While we cannot fully control our fate, making ourselves the victims of circumstance amounts to what the philosopher Jean-Paul Sartre would call bad faith. Sarah Bakewell explains that “for Sartre, we show bad faith whenever we portray ourselves as passive creations” of our social circumstances, such as “our race, class, job, history, nation, family, heredity, childhood influences, events, or even hidden drives in our subconscious which we claim are out of our control.”
This doesn’t mean that these factors are unimportant. They are powerful forces in our lives. “But for me to be in good faith means not making any excuses for myself. We cannot say ‘I have never had a great love or a great friendship; but that is because I never met a man or a woman who were worthy of it; if I have not written any good books, it is because I had not the leisure to do so.’ We do say such things; but we are in bad faith when we do it.”

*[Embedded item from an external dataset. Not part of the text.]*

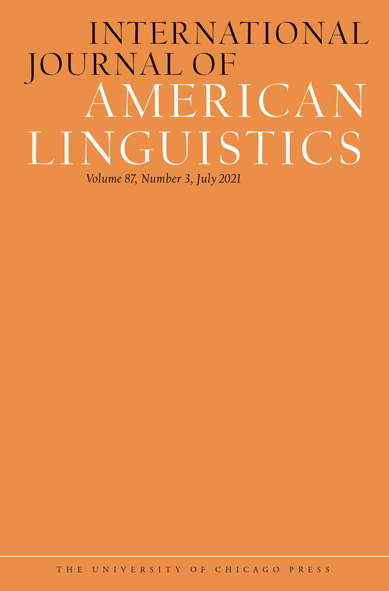 ABOUT THIS BOOKThis is volume 87 issue 3 of International Journal of American Linguistics. The International Journal of American Linguistics (IJAL) is dedicated to the documentation and analysis of the indigenous languages of the Americas. Founded by Franz Boas and Pliny Earle Goddard in 1917, the journal focuses on the linguistics of American Indigenous languages. IJAL is an important repository for research based on field work and archival materials on the languages of North and South America.

This reflects a prescription of the infamous psychiatrist Jordan Peterson, for whom we should “have one foot firmly planted in order and security, and the other in chaos, possibility, growth and adventure.” This says something about the importance of position. A life where nothing goes well — where neither work, nor spouse, nor family, nor friends bring you any security — is extremely hard to handle. From there, it’s a slippery slope to the self-destruction witnessed in Tender is the Night. We all need something that we can rely on, so that we may bravely confront beasts and demons in other domains of life.
For famous playwrights such as Sophocles and Shakespeare, human lives follow the form of a dramatic narrative. Some situations will inevitably arise which are diagonally opposed to everything we want to happen. “If a human life is understood as progress through harms and dangers, moral and physical,” as the philosopher Alasdair MacIntyre explains, “the virtues will find their place as those qualities which generally tend to success in this enterprise.”
This is entirely in line with the advice of the ancient Stoics, which remains as relevant as ever. Whatever happens, be grateful for what you have. Seize the opportunities that the day presents. Position yourself so as to manage adversity. Above all, remain strong through the tragedies that may befall you.